Repeat exactly the lines of the material below that run from the "Como viene siendo" line to the "It turns out" line, including both, and do not carry over any pictures.
---------- Exercise material
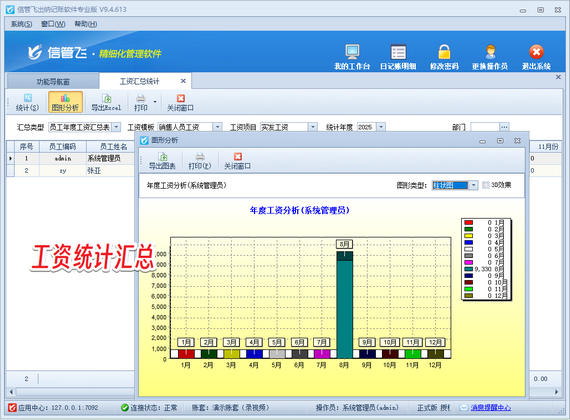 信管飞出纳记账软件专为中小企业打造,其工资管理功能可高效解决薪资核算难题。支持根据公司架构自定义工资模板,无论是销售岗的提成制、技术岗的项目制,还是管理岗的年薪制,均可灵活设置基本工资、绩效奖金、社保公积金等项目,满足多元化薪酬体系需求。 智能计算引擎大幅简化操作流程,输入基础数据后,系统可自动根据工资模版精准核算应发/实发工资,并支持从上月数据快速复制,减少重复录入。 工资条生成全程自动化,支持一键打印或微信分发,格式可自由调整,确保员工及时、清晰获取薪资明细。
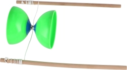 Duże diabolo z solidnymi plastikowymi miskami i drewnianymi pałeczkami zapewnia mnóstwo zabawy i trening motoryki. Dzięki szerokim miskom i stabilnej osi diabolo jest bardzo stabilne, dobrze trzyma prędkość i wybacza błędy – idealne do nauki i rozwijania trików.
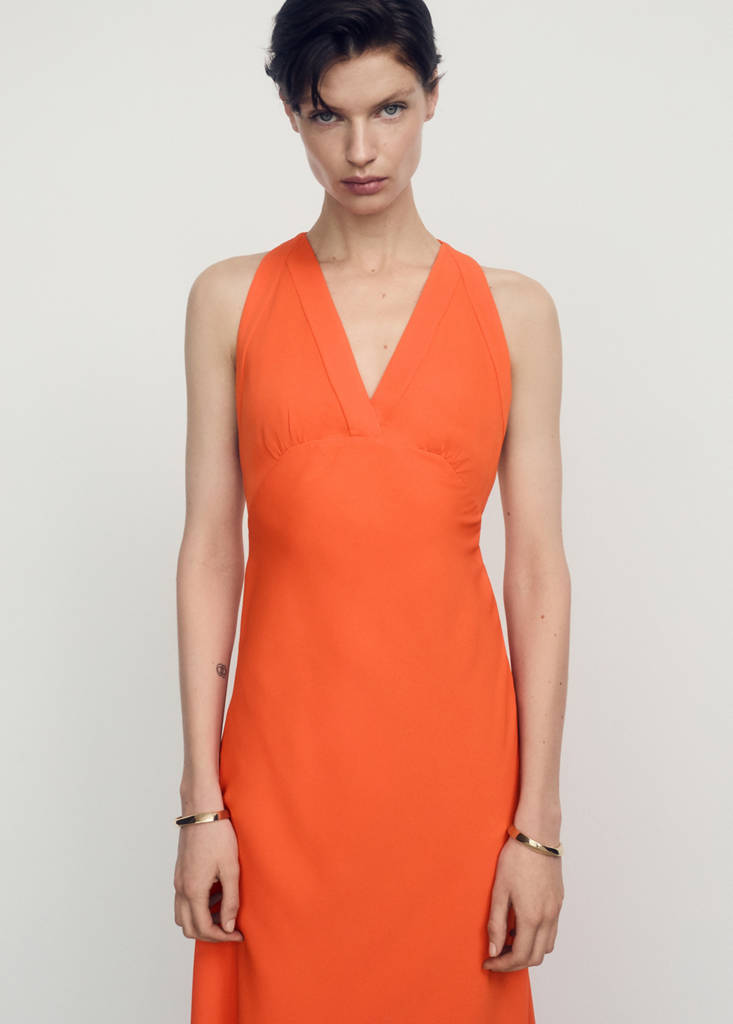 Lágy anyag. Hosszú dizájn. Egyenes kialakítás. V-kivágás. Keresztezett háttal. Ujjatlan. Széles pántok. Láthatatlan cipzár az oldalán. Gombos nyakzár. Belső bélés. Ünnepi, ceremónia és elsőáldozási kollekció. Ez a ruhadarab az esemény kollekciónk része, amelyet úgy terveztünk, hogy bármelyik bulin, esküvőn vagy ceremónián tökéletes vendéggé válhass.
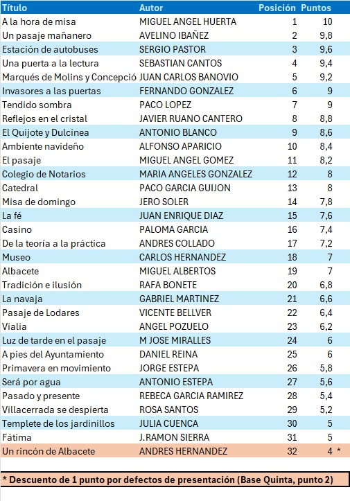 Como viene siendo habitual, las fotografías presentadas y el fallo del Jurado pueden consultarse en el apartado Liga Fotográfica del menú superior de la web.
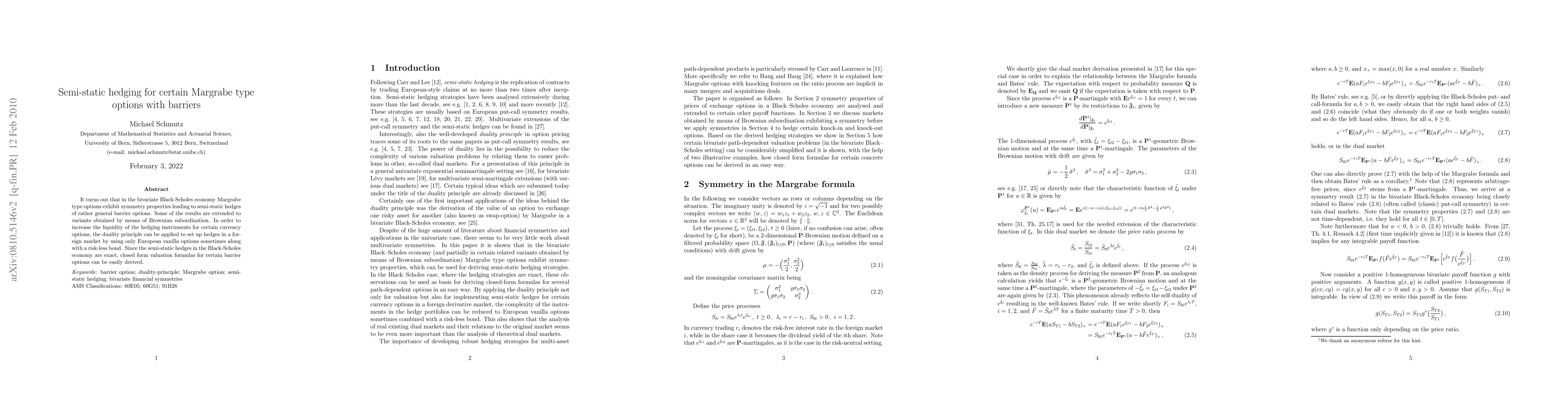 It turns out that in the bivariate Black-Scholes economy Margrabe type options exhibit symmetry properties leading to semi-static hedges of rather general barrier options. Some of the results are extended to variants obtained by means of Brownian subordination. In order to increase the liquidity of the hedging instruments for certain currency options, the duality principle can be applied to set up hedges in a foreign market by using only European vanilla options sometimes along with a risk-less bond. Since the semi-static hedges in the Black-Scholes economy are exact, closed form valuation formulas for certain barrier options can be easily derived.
--------------------
---------- Exercise material
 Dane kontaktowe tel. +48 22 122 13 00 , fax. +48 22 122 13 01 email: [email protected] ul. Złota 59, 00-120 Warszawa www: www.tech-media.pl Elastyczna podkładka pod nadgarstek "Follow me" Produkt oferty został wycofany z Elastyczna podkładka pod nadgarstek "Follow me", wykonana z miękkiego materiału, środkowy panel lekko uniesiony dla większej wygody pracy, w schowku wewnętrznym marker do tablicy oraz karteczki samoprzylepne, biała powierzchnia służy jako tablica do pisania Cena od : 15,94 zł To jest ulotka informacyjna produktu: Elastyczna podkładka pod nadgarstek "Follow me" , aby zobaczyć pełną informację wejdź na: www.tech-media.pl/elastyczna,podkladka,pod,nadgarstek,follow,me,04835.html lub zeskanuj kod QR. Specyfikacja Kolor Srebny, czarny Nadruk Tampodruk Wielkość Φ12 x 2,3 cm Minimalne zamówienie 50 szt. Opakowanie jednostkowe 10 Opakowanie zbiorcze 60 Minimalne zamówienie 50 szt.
--------------------
Result of the task
 Como viene siendo habitual, las fotografías presentadas y el fallo del Jurado pueden consultarse en el apartado Liga Fotográfica del menú superior de la web.
 It turns out that in the bivariate Black-Scholes economy Margrabe type options exhibit symmetry properties leading to semi-static hedges of rather general barrier options. Some of the results are extended to variants obtained by means of Brownian subordination. In order to increase the liquidity of the hedging instruments for certain currency options, the duality principle can be applied to set up hedges in a foreign market by using only European vanilla options sometimes along with a risk-less bond. Since the semi-static hedges in the Black-Scholes economy are exact, closed form valuation formulas for certain barrier options can be easily derived.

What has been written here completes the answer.